An Intelligent Social Learning-based Optimization Strategy for Black-box Robotic Control with Reinforcement Learning
paper_authors: Xubo Yang, Jian Gao, Ting Wang, Yaozhen He
for: 这篇论文的目的是提出一种基于社交学习的智能控制算法,以便控制黑盒系统中的机器人。
methods: 这篇论文使用了一种叫做社交学习算法(Intelligent Social Learning,ISL),它包括学习、模仿和自我研究三种式态。
results: 试验结果显示,ISL算法比四种现有方法在六个连续控制测试案例中更有效率,具有更快的计算速度、更少的参数和更高的稳定性。此外,ISL算法在模拟和实验中的抓取任务中也获得了满意的解决方案。Abstract
Implementing intelligent control of robots is a difficult task, especially when dealing with complex black-box systems, because of the lack of visibility and understanding of how these robots work internally. This paper proposes an Intelligent Social Learning (ISL) algorithm to enable intelligent control of black-box robotic systems. Inspired by mutual learning among individuals in human social groups, ISL includes learning, imitation, and self-study styles. Individuals in the learning style use the Levy flight search strategy to learn from the best performer and form the closest relationships. In the imitation style, individuals mimic the best performer with a second-level rapport by employing a random perturbation strategy. In the self-study style, individuals learn independently using a normal distribution sampling method while maintaining a distant relationship with the best performer. Individuals in the population are regarded as autonomous intelligent agents in each style. Neural networks perform strategic actions in three styles to interact with the environment and the robot and iteratively optimize the network policy. Overall, ISL builds on the principles of intelligent optimization, incorporating ideas from reinforcement learning, and possesses strong search capabilities, fast computation speed, fewer hyperparameters, and insensitivity to sparse rewards. The proposed ISL algorithm is compared with four state-of-the-art methods on six continuous control benchmark cases in MuJoCo to verify its effectiveness and advantages. Furthermore, ISL is adopted in the simulation and experimental grasping tasks of the UR3 robot for validations, and satisfactory solutions are yielded.
摘要
实现智能控制机器人是一项困难任务,特别是面临复杂黑盒系统时,因为lack of visibility和理解机器人内部的工作方式。这篇论文提议一种智能社会学习(ISL)算法,以帮助智能控制黑盒机器人系统。 Drawing inspiration from human social groups' mutual learning, ISL includes learning, imitation, and self-study styles. Individuals in the learning style use Levy flight search strategy to learn from the best performer and form the closest relationships.
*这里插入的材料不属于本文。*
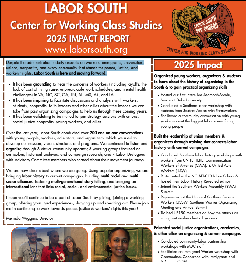 Despite the administration’s daily assaults on workers, immigrants, universities,unions, nonprofits, and every community that stands for peace, justice, andworkers’ rights, Labor South is here and moving forward. Continue reading →

In the imitation style, individuals mimic the best performer with a second-level rapport by employing a random perturbation strategy. In the self-study style, individuals learn independently using a normal distribution sampling method while maintaining a distant relationship with the best performer. Individuals in the population are regarded as autonomous intelligent agents in each style. Neural networks perform strategic actions in three styles to interact with the environment and the robot and iteratively optimize the network policy. Overall, ISL builds on the principles of intelligent optimization, incorporating ideas from reinforcement learning, and possesses strong search capabilities, fast computation speed, fewer hyperparameters, and insensitivity to sparse rewards. The proposed ISL algorithm is compared with four state-of-the-art methods on six continuous control benchmark cases in MuJoCo to verify its effectiveness and advantages. Furthermore, ISL is adopted in the simulation and experimental grasping tasks of the UR3 robot for validations, and satisfactory solutions are yielded.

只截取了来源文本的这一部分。